▶ **Problem details**: Below, locate the line that contains "This Clearwater Outfitters". Repeat exactly from that line to the line that contains "Spreeuwenpot; r-spr-1; deel", inclusive, leaving out the pictures.

▶ **Data to examine**:
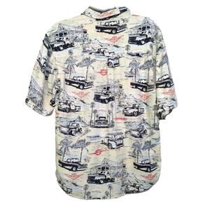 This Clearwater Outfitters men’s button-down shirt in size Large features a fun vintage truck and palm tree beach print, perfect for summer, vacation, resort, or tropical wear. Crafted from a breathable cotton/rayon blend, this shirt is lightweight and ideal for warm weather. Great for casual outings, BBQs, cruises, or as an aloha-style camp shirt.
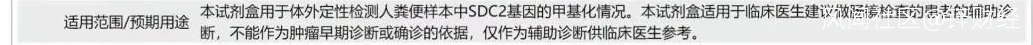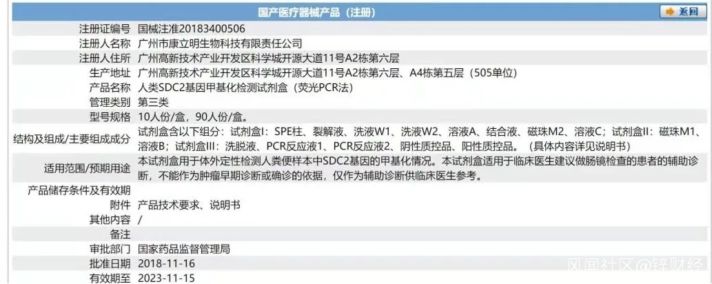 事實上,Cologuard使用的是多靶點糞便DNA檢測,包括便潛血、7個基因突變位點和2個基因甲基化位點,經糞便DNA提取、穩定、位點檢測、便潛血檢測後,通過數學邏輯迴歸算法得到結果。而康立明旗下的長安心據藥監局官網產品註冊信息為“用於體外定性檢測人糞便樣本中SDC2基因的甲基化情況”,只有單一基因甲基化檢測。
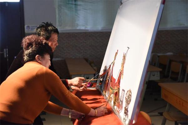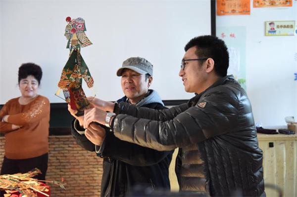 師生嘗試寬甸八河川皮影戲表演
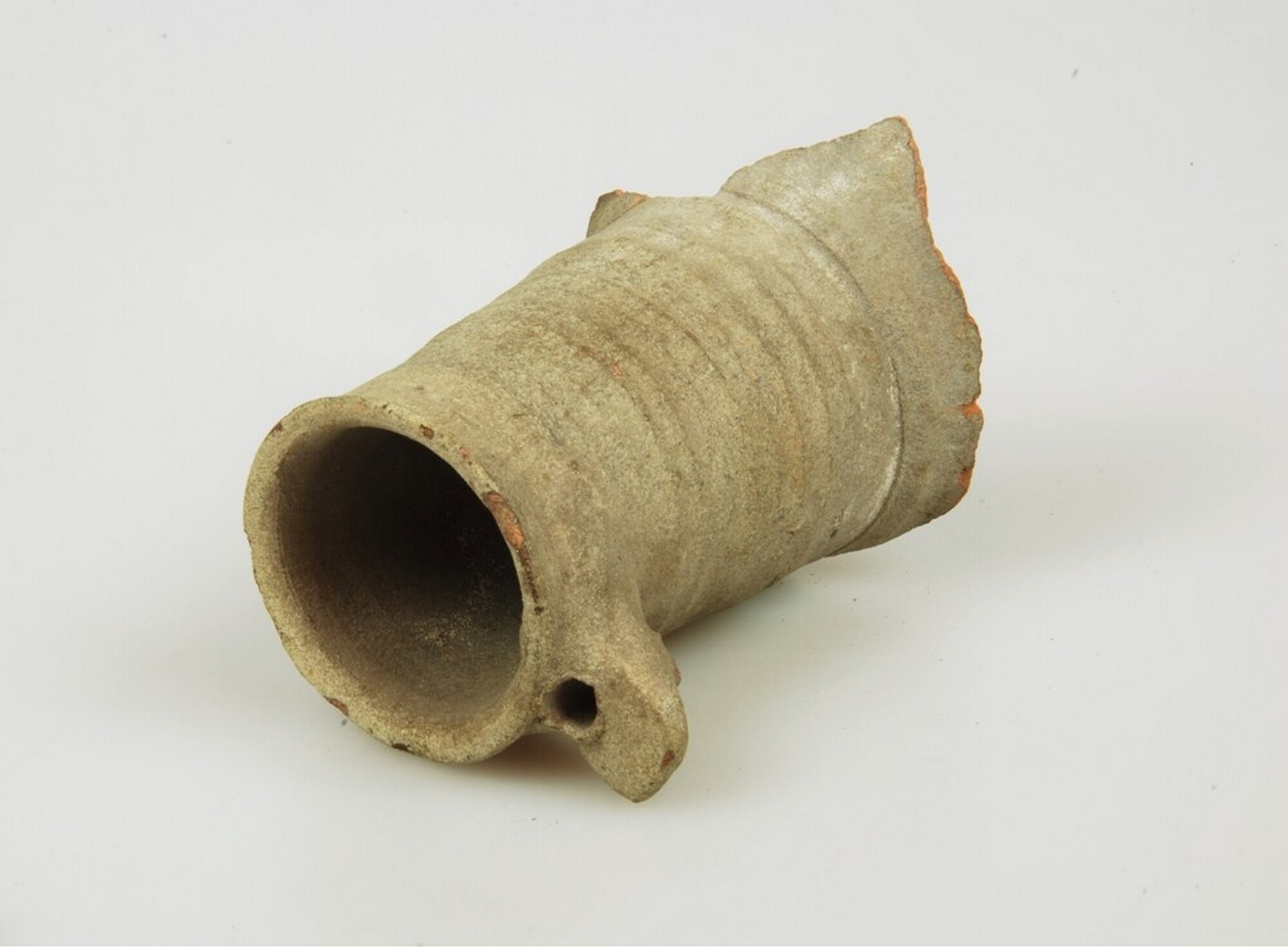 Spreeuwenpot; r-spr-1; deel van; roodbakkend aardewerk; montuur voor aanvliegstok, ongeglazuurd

==

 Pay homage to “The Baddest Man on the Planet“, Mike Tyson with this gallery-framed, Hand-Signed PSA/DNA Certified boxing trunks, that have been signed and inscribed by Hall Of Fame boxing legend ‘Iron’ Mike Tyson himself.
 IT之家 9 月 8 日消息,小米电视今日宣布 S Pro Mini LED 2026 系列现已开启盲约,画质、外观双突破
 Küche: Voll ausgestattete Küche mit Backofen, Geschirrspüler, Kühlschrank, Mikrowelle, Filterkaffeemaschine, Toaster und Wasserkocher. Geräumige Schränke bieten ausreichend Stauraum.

▶ **Written response**:
 This Clearwater Outfitters men’s button-down shirt in size Large features a fun vintage truck and palm tree beach print, perfect for summer, vacation, resort, or tropical wear. Crafted from a breathable cotton/rayon blend, this shirt is lightweight and ideal for warm weather. Great for casual outings, BBQs, cruises, or as an aloha-style camp shirt.
 事實上,Cologuard使用的是多靶點糞便DNA檢測,包括便潛血、7個基因突變位點和2個基因甲基化位點,經糞便DNA提取、穩定、位點檢測、便潛血檢測後,通過數學邏輯迴歸算法得到結果。而康立明旗下的長安心據藥監局官網產品註冊信息為“用於體外定性檢測人糞便樣本中SDC2基因的甲基化情況”,只有單一基因甲基化檢測。
 師生嘗試寬甸八河川皮影戲表演
 Spreeuwenpot; r-spr-1; deel van; roodbakkend aardewerk; montuur voor aanvliegstok, ongeglazuurd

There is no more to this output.